((
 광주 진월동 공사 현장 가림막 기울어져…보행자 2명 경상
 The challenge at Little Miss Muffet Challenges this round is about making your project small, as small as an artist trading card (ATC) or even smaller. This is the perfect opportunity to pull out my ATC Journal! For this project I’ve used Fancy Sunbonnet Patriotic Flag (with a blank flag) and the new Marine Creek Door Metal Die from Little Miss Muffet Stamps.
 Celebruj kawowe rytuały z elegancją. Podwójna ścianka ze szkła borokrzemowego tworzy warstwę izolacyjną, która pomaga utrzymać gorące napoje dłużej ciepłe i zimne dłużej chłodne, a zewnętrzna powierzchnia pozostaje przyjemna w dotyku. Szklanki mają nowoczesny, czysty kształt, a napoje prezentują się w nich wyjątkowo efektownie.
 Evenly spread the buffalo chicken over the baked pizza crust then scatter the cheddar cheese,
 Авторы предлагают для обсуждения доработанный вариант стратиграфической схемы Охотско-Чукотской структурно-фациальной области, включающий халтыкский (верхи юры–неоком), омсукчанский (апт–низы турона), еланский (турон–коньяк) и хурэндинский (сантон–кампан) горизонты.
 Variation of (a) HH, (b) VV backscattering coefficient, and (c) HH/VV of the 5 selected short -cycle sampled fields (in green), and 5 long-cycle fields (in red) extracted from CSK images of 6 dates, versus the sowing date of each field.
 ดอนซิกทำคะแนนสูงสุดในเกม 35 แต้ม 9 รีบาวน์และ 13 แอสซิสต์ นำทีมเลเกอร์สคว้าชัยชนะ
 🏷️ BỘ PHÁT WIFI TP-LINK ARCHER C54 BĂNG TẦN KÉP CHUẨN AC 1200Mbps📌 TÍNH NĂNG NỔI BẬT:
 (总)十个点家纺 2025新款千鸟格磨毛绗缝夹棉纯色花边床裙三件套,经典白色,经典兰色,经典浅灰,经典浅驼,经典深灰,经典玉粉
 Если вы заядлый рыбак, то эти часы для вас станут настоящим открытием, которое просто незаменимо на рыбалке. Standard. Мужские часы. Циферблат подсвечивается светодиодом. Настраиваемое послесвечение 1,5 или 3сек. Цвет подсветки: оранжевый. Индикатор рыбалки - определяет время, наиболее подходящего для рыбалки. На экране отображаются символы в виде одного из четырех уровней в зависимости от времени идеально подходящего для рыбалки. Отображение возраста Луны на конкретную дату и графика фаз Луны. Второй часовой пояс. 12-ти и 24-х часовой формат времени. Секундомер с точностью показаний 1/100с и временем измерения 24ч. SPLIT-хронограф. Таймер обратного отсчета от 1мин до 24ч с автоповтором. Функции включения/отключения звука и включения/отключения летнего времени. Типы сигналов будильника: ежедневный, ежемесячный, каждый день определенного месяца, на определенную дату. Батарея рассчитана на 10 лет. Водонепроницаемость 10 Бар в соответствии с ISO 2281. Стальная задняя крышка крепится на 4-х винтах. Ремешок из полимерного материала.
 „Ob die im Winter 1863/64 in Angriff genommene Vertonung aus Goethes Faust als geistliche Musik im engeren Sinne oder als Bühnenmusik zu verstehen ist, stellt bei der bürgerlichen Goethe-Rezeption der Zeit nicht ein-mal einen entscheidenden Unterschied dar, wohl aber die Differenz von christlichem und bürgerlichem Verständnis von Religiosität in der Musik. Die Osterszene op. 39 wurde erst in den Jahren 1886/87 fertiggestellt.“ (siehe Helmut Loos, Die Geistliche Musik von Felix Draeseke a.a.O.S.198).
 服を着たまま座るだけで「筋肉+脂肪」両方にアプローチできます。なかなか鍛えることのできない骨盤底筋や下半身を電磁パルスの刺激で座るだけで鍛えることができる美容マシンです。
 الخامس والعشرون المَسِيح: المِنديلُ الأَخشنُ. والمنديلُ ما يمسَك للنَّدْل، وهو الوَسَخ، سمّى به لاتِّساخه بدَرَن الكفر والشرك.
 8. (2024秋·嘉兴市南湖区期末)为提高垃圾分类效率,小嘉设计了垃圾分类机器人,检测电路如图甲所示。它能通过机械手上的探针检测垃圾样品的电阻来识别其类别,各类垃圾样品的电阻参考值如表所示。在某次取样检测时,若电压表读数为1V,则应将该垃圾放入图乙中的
))
Action item » Only the lines from the start of the listing through the line with "The challenge at" should be repeated, each exactly as it stands.

Answer »
 광주 진월동 공사 현장 가림막 기울어져…보행자 2명 경상
 The challenge at Little Miss Muffet Challenges this round is about making your project small, as small as an artist trading card (ATC) or even smaller. This is the perfect opportunity to pull out my ATC Journal! For this project I’ve used Fancy Sunbonnet Patriotic Flag (with a blank flag) and the new Marine Creek Door Metal Die from Little Miss Muffet Stamps.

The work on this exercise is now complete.